¡Señorita Escarlata, señorita Escarlata!
Lo que está ocurriendo en EE UU nos revela la vigencia de una herida profunda en un país que ha usado el lenguaje cinematográfico para convertir en sueño lo que fue pesadilla
En España hay un rechazo a que alguien te haga cambiar de opinión. La guerra de esta semana, una vez que hemos dejado el dichoso 8-M en el chasis, ha sido la supuesta prohibición de Lo que el viento se llevó. La supuesta prohibición llenó minutísimos de radio e inyectó furia en las columnas. Pareciera, por la insistencia, que estaba en nuestras manos salvar la civilización occidental. Esa furia, sin embargo, no se encontraba en la columna que escribió en LA Times John Ridley, el guionista de 12 años de esclavitud. Ridley solo pedía a la plataforma HBO que, ya que iba a emitir una película que falsea la historia americana, convirtiendo la guerra en un episodio romántico de caballeros y señoras legendarias, de señoritas blancas a las que se arrebata lo que es suyo (la posesión de seres humanos), al menos encontrara la manera de proyectar algo de luz sobre este romanticismo tramposo. La película en cuestión comienza con una cita de Walter Scott, que según Mark Twain contribuyó notablemente a la idealización de la época prebélica. Decía Twain que el Sur no se recuperaría del estúpido romanticismo que emanaban las novelas de Scott hasta que no existieran otros escritores libres de su influencia.
HBO respondió al artículo de Ridley anunciando que la película iría precedida por un cartelillo de esos que nos advierten de cosas que pueden herir nuestra sensibilidad. Pero nosotros, ya enfangados, nos lanzamos al lodo en grupo en nuestra heroica defensa de la libertad, levantando el puño como Escarlata, ignorando que la película está en El Corte Inglés y en la tele cada poco. Esa defensa encendida de la libertad contiene una singular paradoja: la de no tolerar una actitud crítica al enorme mensaje propagandístico que nos educó, porque mi generación se formó con el cine americano: los indios y los negros eran, en nuestra imaginación infantil, tal como nos los mostraban las películas blancas. De hecho, cuando éramos niños pensábamos que las esclavas hablaban de esa manera ridícula en que eran interpretadas por las actrices de doblaje: “Señorita Escarlata, señorita Escarlata”. Todas hemos recitado la insufrible cantinela. Los negros del cine fueron los primeros negros de nuestra vida: eran torpes, satisfechos con su vida humillada, incapaces de gestionar su libertad, bufones de los señoritos. Hay documentales que analizan la manera en que el apartheid hollywoodiense anuló y humilló a los negros americanos, y se ha despertado en los grandes museos un interés por la forma en que la publicidad y las artes gráficas retrataron a los afroamericanos. Unas veces es el reflejo directo de lo que era el país y otras una influencia crucial en la mentalidad colectiva. Así fue, por ejemplo, en El nacimiento de una nación (1915) de Griffith, la película fundacional del séptimo arte. Sería impensable hablar de las innovaciones de esa cinta, de su osadía visual, y no nombrar la influencia decisiva que tuvo en los linchamientos del Ku Klux Klan. Pero hay una negación inquietante a ampliar la información sobre lo que vemos, a asumir otra mirada que contradiga lo que vimos de niños. Es como una resistencia a que nos cambien el cuento.

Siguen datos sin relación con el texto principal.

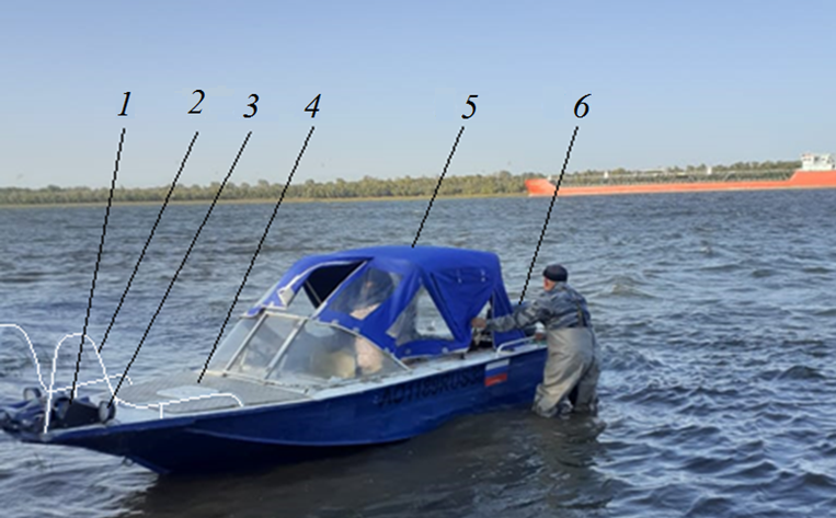 The vessel is equipped with an outboard Tohatsu outboard motor with a capacity of 30 l/s (22.1 kW), which, in combination with the Yuzhanka-2 hull, allows speeds of up to 45 km/h (Fig. 8).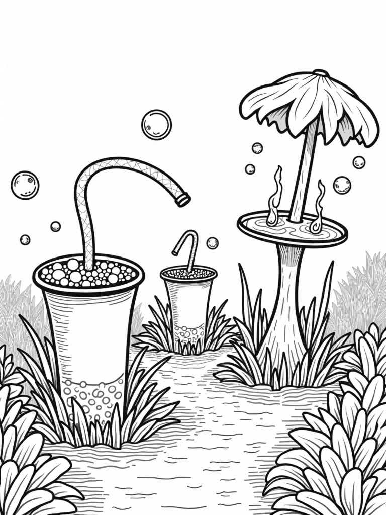 Picture a magical garden where oversized boba tea cups bloom like flowers! These fun cups are bursting with colorful bubbles that float above, adding a splash of joy to the scene. You can almost imagine the sweet aroma of fruity syrups in the air as you color in this delightful place.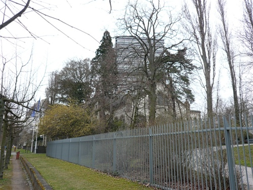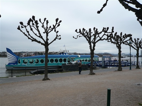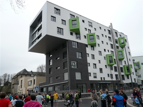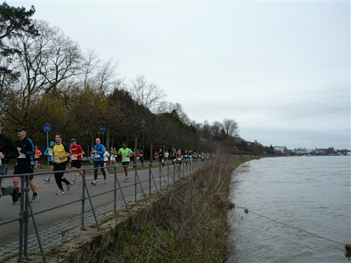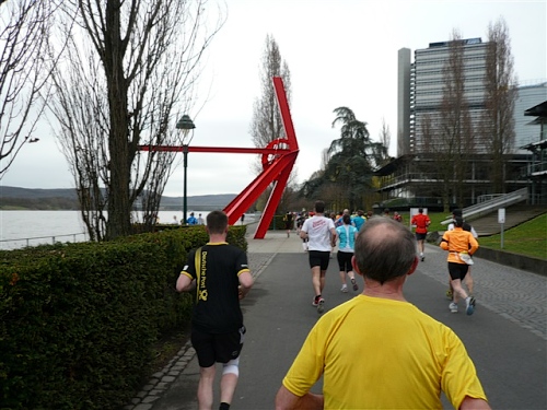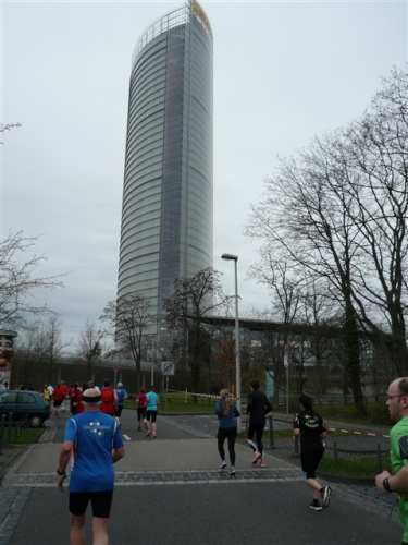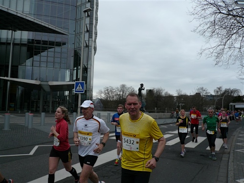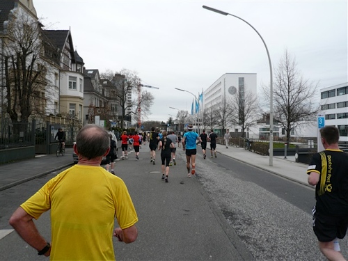 Dann winkt erneut der Rhein, den wir auf den folgenden km begleiten werden. Josef sieht entspannt aus, km 10 passieren wir nach gut 55 min., das paßt wunderbar. Eingangs der Rheinaue steht ein neuerbautes Haus, das mit seiner gewagten Architektur an die Kölner Bauten am Rhein erinnert. Vorbei geht es an der Bastion, immer mit herrlichem Blick voraus, rechts auf den „Langen Eugen“, das ehemalige Abgeordnetenhochhaus, und den Postturm, links auf das herrliche Siebengebirge. Kilometerweit kann ich die Läuferschlange zunächst nach vorne beobachten, später von vorne nach hinten, ein imposantes Bild. Ja, das ist heute der Vorteil des Halben, später, wenn nur noch die Marathonis unterwegs sein werden, wird es deutlich einsamer. Das Verhältnis der Teilnehmer ist das mittlerweile klassische 1:6, 915 Marathonläufern im Ziel stehen 6.055 Halbe gegenüber.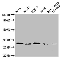 Positive WB detected in: Hela whole cell lysate, HepG2 whole cell lysate, MCF-7 whole cell lysate, A549 whole cell lysate, Rat brain tissue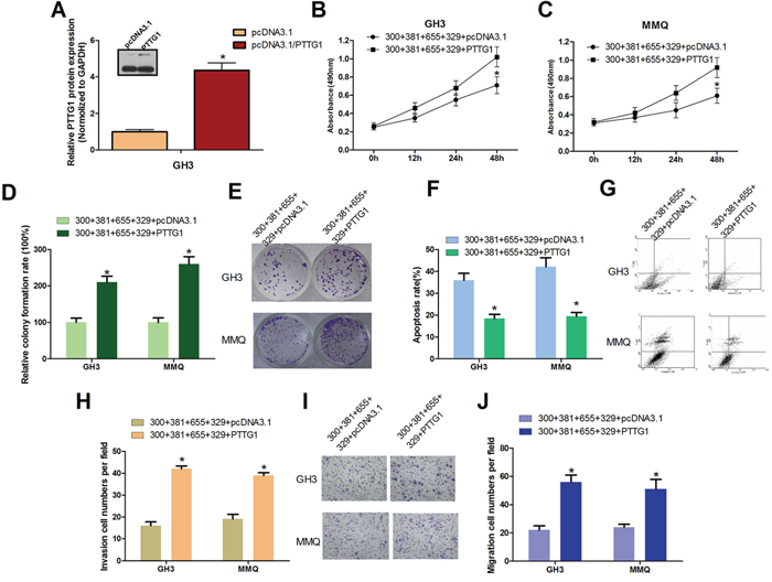 Figure 5: PTTG1 Overexpression Counteracts miR-329, miR-300, miR-381 and miR-655 induced pituitary tumor cell malignant inhibition. A. Transfection with pcDNA3.1/PTTG1 increased PTTG1 protein levels in GH3 cells compared with the control group (*P < 0.05). B. and C. GH3 and MMQ cells were transfected with plasmids expressing PTTG1 or control vector, together with miR-329, miR-300, miR-381 and miR-655. Cell viability was detected by the MTT assay (*P < 0.05). D. and E. PTTG1 overexpression reversed the cell growth suppression caused by miR-300, miR-381, miR-655 and miR-329 in the colony formation assay. GH3 cells and MMQ cells were transfected with pcDNA3.1/PTTG1(PTTG1) or pcDNA3.1 with miR-300, miR-381, miR-655 and miR-329, and then seeded in 12-well plates. The colony formation rate is shown (*P < 0.05). F. and G. In GH3 and MMQ cells, PTTG1 ectopic expression reduced the cell apoptosis caused by miR-300, miR-381, miR-655 and miR-329. The cells were stained with annexin V-fluorescein isothiocyanate and counterstained with 7-ADD (*P < 0.05). H–J. Cell migration and invasion were increased by ectopic expression of PTTG1 in GH3 and MMQ cells (*P < 0.05).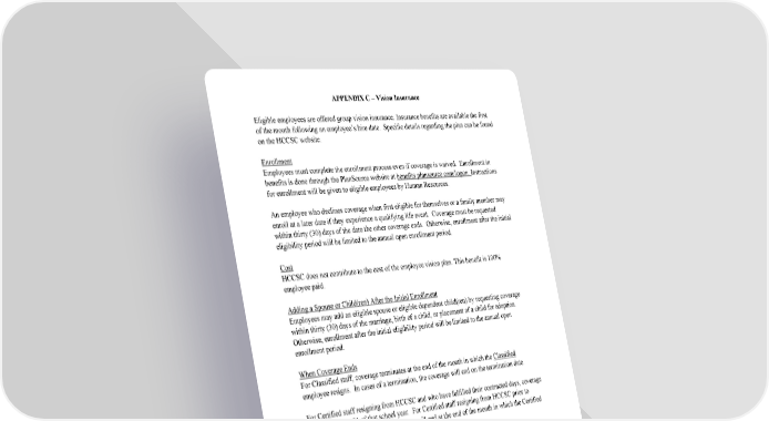 12 APPENDIX C – Vision Insurance Eligible employees are offered group vision insurance. Insurance benefits are available the first of the month following an employee’s hire date. Specific details regarding the plan can be found on the HCCSC website. Enrollment Employees must complete the enrollment process even if coverage is waived. Enrollment in benefits is done through the PlanSource website at benefits.plansource.com/logon. Instructions for enrollment will be given to eligible employees by Human Resources . An employee who declines coverage when first eligible for themselves or a family member may enroll at a later date if they experience a qualifying life event. Coverage must be requested within thirty ( 30) days of the date the other coverage ends. Otherwise, enrollment after the initial eligibility period will be limited to the annual open enrollment period. Cost HCCSC does not contribute to the cost of the employee vision plan. This benefit is 100% employee paid . Adding a Spouse or Child(ren) After the Initial Enrollment Employees may add an eligible spouse or eligible dependent child(ren) by requesting coverage within thirty ( 30) days of the marriage, birth of a child, or placement of a child for adoption. Otherwise, enrollment after the initial eligibility period will be limited to the annual open enrollment period. When Coverage Ends For Classified staff, c overage terminates at the end of the month in which the Classified employee resigns. In cases of a termination, the coverage will end on the termination date. For Certified staff resigning from HCCSC and who have fulfilled their contracted days, coverage will end August 31 of that school year. For Certified staff resigning from HCCSC prior to fulfilling their contracted days, coverage will end at the end of the month in which the Certified employee resigns. For dependent children, coverage will end at midnight of the last day of the calendar year in which the child is 26 years of age.

Lo que está ocurriendo en Estados Unidos nos revela la vigencia de una herida profunda en un país que ha usado el lenguaje cinematográfico para convertir en sueño lo que fue pesadilla. El documental Enmienda XIII (Netflix), de la afroamericana Ava DuVernay, cuenta a través de testimonios de activistas, víctimas y políticos cómo dicha enmienda permitió, tras la abolición de la esclavitud, seguir explotando la mano de obra negra. Bastaba con criminalizarlos y así negarles su condición de ciudadanos de pleno derecho. Así hasta Nixon, así hasta ese demócrata, Clinton, que fue particularmente cruel con las penas de cárcel. Dicen que los negros se han apuntado a la guerra cultural, al rollo identitario. ¡Guerra cultural! Eso sí que es ofensivo, porque uno de que cada tres chicos negros pasará por la cárcel en algún momento de su vida.